EXERCISE REQUIREMENTS: Repeat, please, exactly the lines from the one that has "Аукционы: плагиат, развод" through the end of the records below, with pictures dropped.

TASK INPUTS:
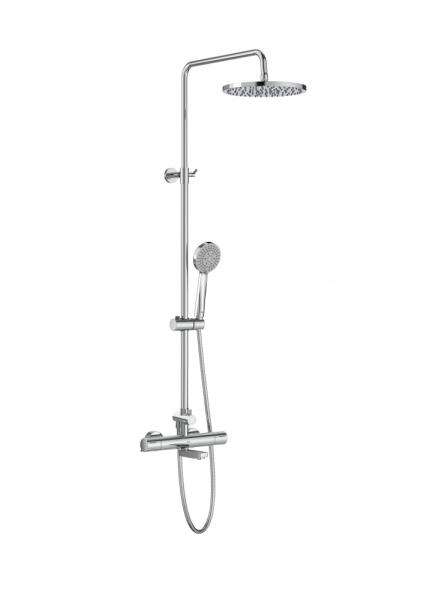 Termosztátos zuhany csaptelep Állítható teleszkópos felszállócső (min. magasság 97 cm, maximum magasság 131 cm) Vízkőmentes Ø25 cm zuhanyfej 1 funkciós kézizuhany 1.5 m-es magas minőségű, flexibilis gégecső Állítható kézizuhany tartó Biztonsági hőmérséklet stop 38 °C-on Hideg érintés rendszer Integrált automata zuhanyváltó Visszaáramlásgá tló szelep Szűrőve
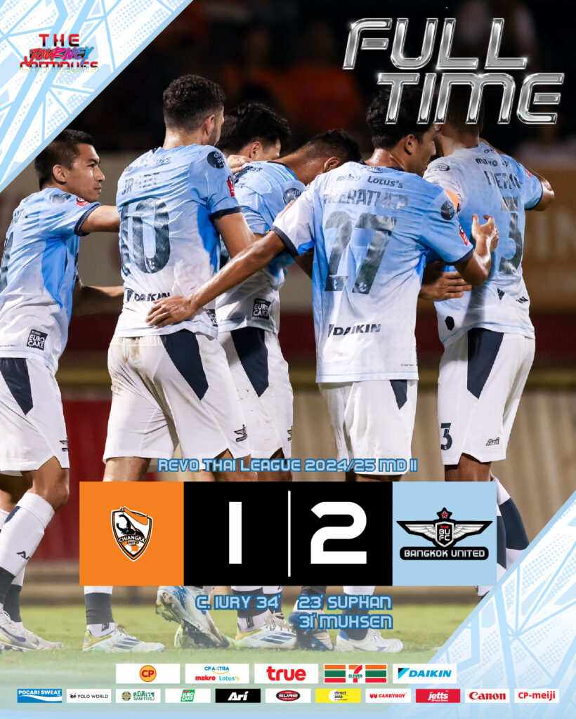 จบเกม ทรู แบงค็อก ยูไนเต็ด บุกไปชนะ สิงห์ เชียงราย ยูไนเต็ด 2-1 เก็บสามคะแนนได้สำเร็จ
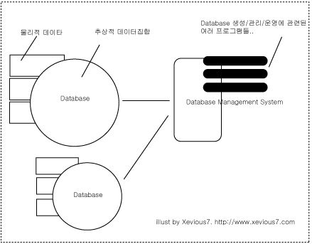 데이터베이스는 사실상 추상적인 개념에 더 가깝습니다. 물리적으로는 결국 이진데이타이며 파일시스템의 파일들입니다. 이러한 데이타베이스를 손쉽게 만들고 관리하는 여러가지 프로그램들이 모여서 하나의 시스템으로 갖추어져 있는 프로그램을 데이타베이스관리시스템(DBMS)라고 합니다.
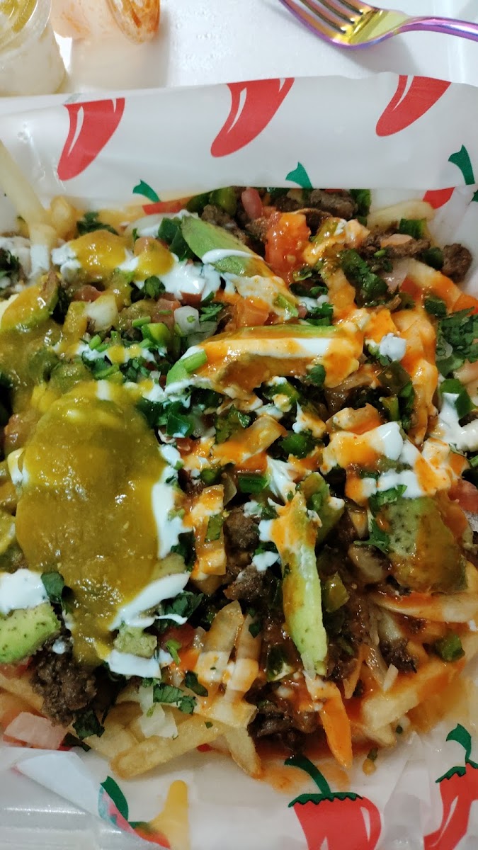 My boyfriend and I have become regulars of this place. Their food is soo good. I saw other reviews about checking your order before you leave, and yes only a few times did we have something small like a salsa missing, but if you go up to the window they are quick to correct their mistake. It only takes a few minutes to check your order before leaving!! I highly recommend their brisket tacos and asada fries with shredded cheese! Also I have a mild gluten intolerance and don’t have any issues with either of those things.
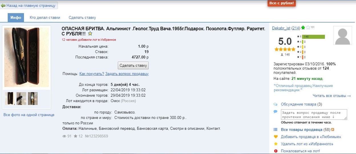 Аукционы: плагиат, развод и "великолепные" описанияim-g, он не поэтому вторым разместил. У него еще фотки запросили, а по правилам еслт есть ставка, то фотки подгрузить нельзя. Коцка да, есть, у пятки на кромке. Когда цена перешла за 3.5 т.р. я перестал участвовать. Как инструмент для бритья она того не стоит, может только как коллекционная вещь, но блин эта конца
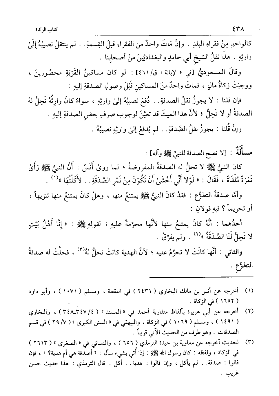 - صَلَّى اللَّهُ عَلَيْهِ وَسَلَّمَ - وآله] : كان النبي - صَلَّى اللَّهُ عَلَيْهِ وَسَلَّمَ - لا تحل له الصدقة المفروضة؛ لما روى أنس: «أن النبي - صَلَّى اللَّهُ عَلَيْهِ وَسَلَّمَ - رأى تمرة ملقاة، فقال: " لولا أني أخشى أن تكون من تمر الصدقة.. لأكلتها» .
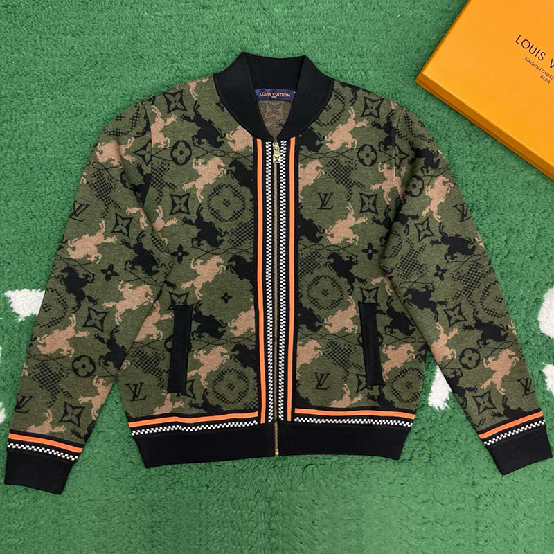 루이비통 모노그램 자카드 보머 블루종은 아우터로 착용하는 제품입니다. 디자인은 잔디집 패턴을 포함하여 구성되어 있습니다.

SOLUTION TO THE PROBLEM:
 Аукционы: плагиат, развод и "великолепные" описанияim-g, он не поэтому вторым разместил. У него еще фотки запросили, а по правилам еслт есть ставка, то фотки подгрузить нельзя. Коцка да, есть, у пятки на кромке. Когда цена перешла за 3.5 т.р. я перестал участвовать. Как инструмент для бритья она того не стоит, может только как коллекционная вещь, но блин эта конца
 - صَلَّى اللَّهُ عَلَيْهِ وَسَلَّمَ - وآله] : كان النبي - صَلَّى اللَّهُ عَلَيْهِ وَسَلَّمَ - لا تحل له الصدقة المفروضة؛ لما روى أنس: «أن النبي - صَلَّى اللَّهُ عَلَيْهِ وَسَلَّمَ - رأى تمرة ملقاة، فقال: " لولا أني أخشى أن تكون من تمر الصدقة.. لأكلتها» .
 루이비통 모노그램 자카드 보머 블루종은 아우터로 착용하는 제품입니다. 디자인은 잔디집 패턴을 포함하여 구성되어 있습니다.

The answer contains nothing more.